— Information shown —
>>

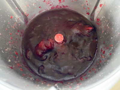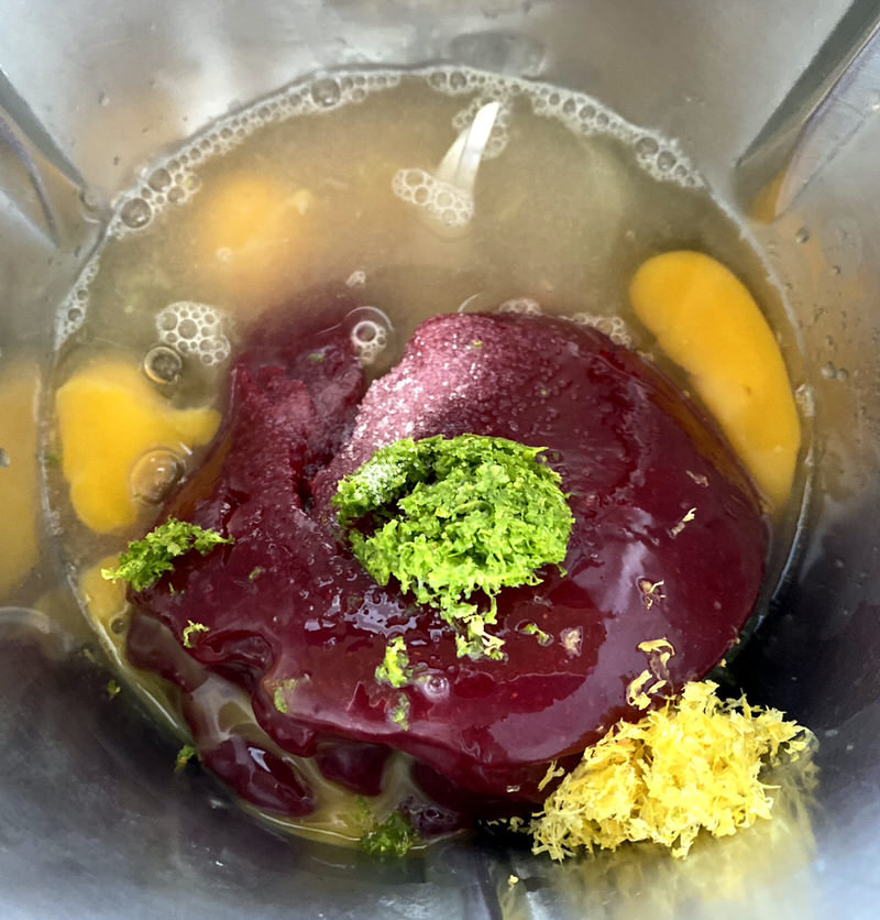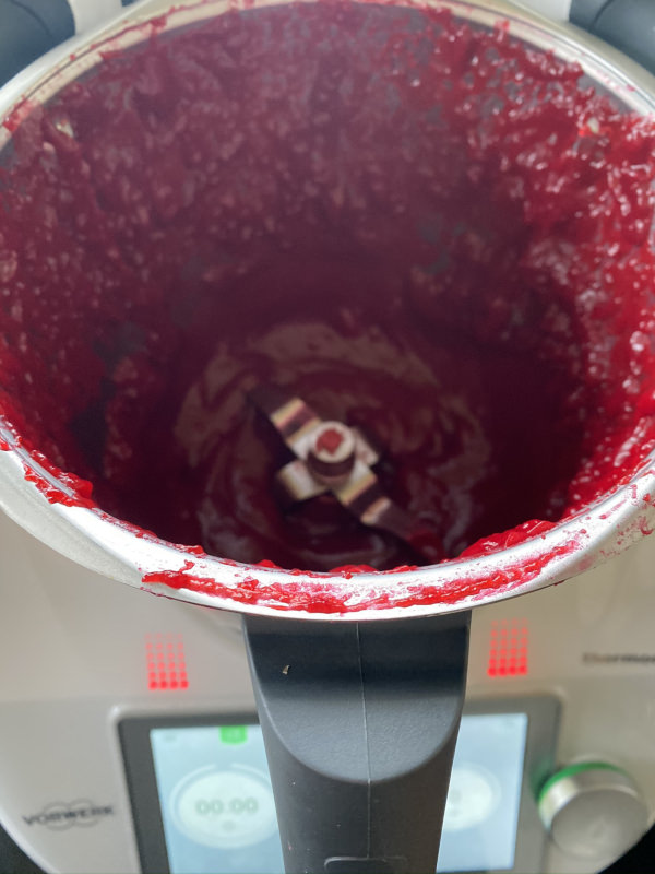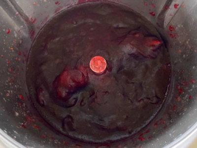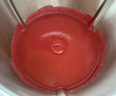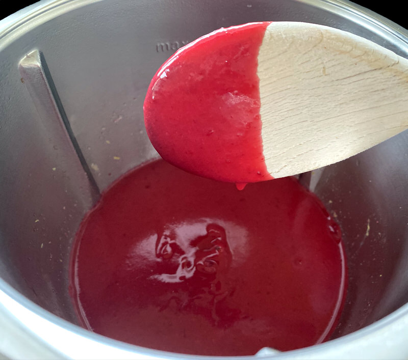 The berries are cooked with water and sugar for 15 minutes at 100˚C on speed Soft, then puréed until glossy, smooth and translucent, as you can see, below. It was intentionally cooked until thick and gelatinous to provide a stable foundation for the curd.
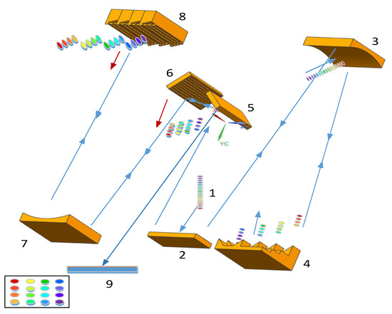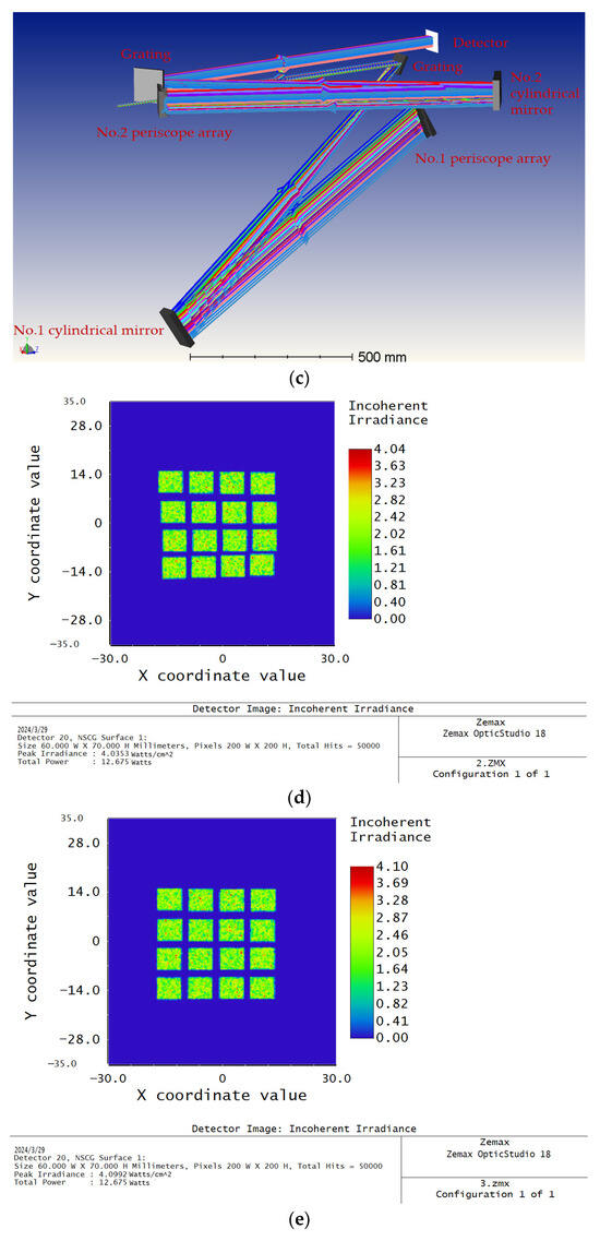 Considering the characteristics of the periscope array, off-axis point imaging will cause object—image flip, which results in the spatial position of the image in each frame, so that the image converging at the grating again does not satisfy the achromatic condition. The actual optical path from the grating and the cylindrical mirrors to the periscope array is shown in Figure 7.
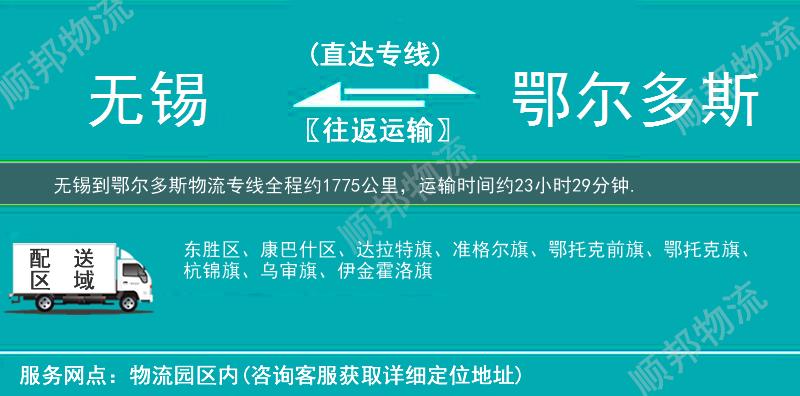无锡到鄂尔多斯物流专线全程约1775公里,专线运输耗时约23小时29分钟。无锡到鄂尔多斯物流专线是顺邦物流的主营货运专线,专业无锡至鄂尔多斯物流公司,提供上门收货和派送到门服务,高品质从无锡发货到鄂尔多斯,无锡物流到鄂尔多斯,就选顺邦物流。
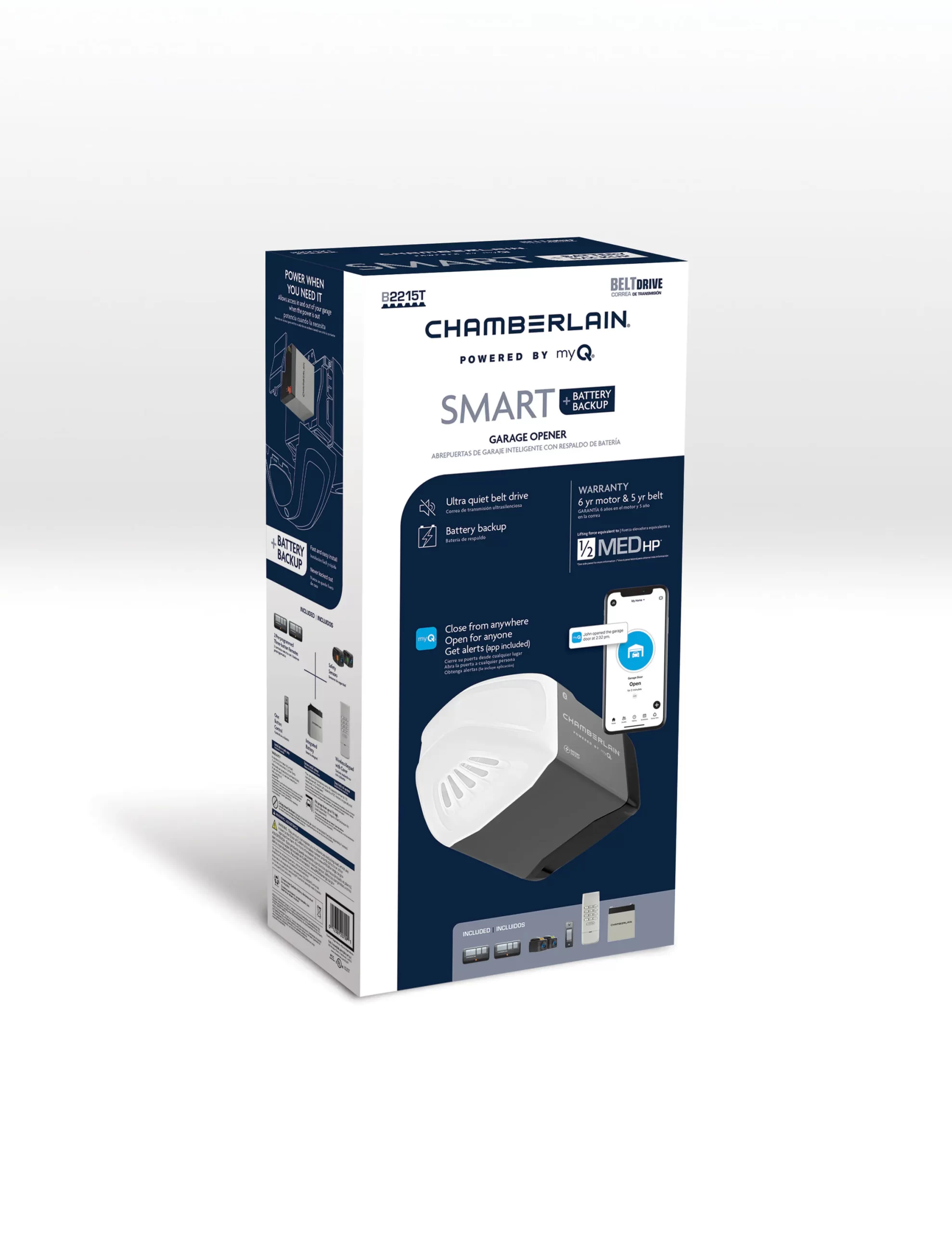 Chamberlain 1/2-HP Ultra-Quiet Smart Belt Drive Garage Door Opener Wi-fi Compatibility Battery Back-up

<<

— Work to be completed —
Go from the first line of the data above to the line containing "Considering the characteristics" and retype exactly those lines, both included, but none of the pictures.

— Response for this exercise —
 The berries are cooked with water and sugar for 15 minutes at 100˚C on speed Soft, then puréed until glossy, smooth and translucent, as you can see, below. It was intentionally cooked until thick and gelatinous to provide a stable foundation for the curd.
 Considering the characteristics of the periscope array, off-axis point imaging will cause object—image flip, which results in the spatial position of the image in each frame, so that the image converging at the grating again does not satisfy the achromatic condition. The actual optical path from the grating and the cylindrical mirrors to the periscope array is shown in Figure 7.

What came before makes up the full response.